• Try it
Reproduce, exactly and in full, the lines from the one with "E' un bellissimo" through the one with "浪莎女士春秋连裤袜120d天鹅绒防勾丝肉色丝袜光腿神器水光打底袜" in the data below; drop pictures.

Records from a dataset
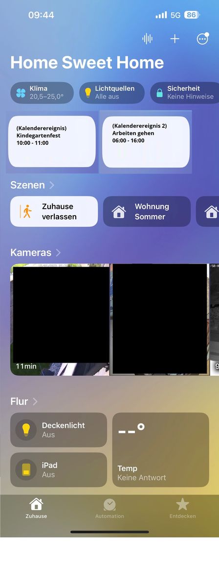 - Kalender Ereignisse in HK anzeigen: Am liebsten wäre es mir, wenn in der Übersichtsseite die täglichen Kalenderereignisse angezeigt werden, oder es zumindest einen Button gibt, mit dem man es abrufen könnte (ohne aus dem Geführten Zugriff zu gehen). Sinn dahinter: Apple Familienkalender, soll angezeigt werden. Beispielbild HK Kalender
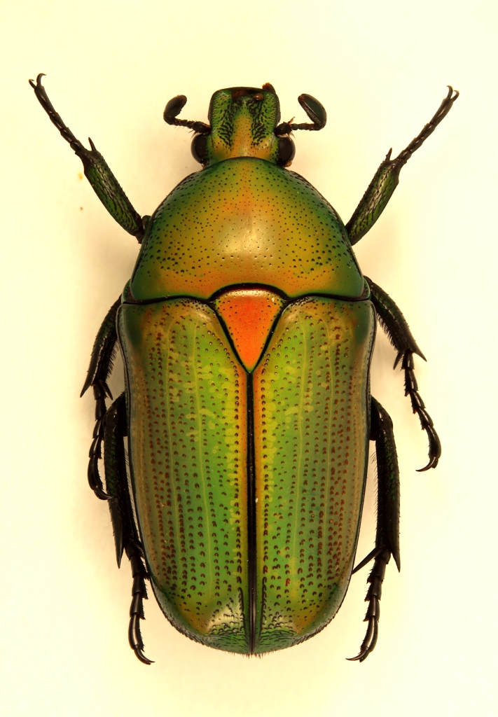 E' un bellissimo Cetoniide abbastanza diffuso in terraristica, ne esiste anche una varietà(o forse una sottospecie  ) che invece di verde è viola con riflessi turchese
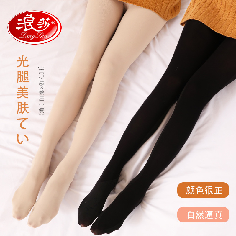 浪莎女士春秋连裤袜120d天鹅绒防勾丝肉色丝袜光腿神器水光打底袜
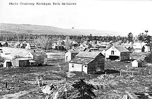 The area was first occupied by the Eagle Harbor Mining Company, who landed a party of men here during the summer of 1845, a man by the name of Sprague being its agent. On October 17, 1845, Franklin Hopkins arrived with thirteen men and resided within a tent. He arrived at Copper Harbor the night that Dr. Douglass Houghton drowned, and had to remain there for four days because of the memorable storm of October 13, 1845, which deprived the copper region of its most able and accomplished explorer and surveyor.[4][5]
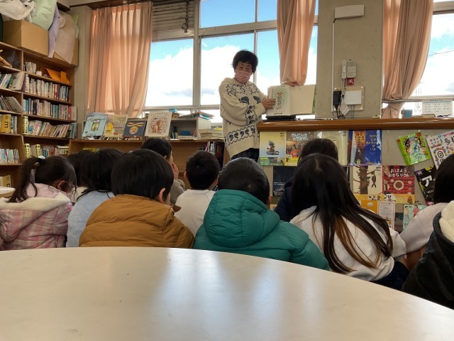 図書館司書の先生に、「かさこじぞう」を読んでもらいました。
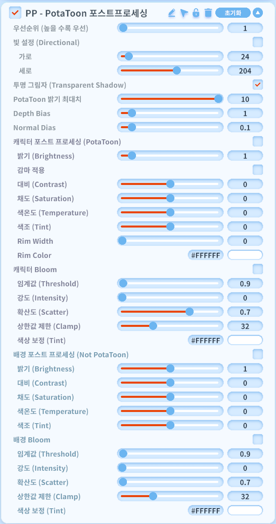 Potatoon(포타툰)을 사용 중인 아바타의 포스트 프로세스를 조절 할 수 있는 기능 프랍입니다.
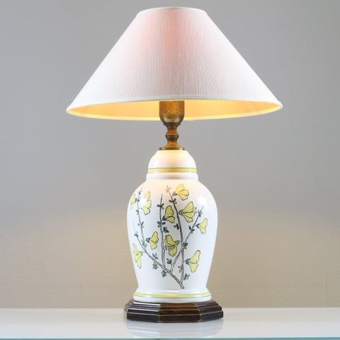 Italiensk bordlampe i forgyldt messingin fra 1960’erne–1970’erne, med en solid messingbas i guld og en cylindrisk tekstilskærm med varme nuancer af orange, beige og lysegrønne bånd, dimensioner 33 cm bred, 33 cm dyb og 58 cm høj, i meget god stand med få aldersrelaterede tegn, original ledning fungerer ikke. Klik på den blå "gå til varen" knap, for at købe eller byde på denne vare. Den samlede pris vil blive vist inden du afgiver dit bud.
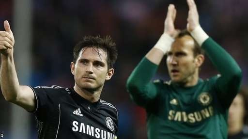 | Lampard chơi lăn xả nhằm cản phá cầu thủ Atletico. |

• Solution for this task
 E' un bellissimo Cetoniide abbastanza diffuso in terraristica, ne esiste anche una varietà(o forse una sottospecie  ) che invece di verde è viola con riflessi turchese
 浪莎女士春秋连裤袜120d天鹅绒防勾丝肉色丝袜光腿神器水光打底袜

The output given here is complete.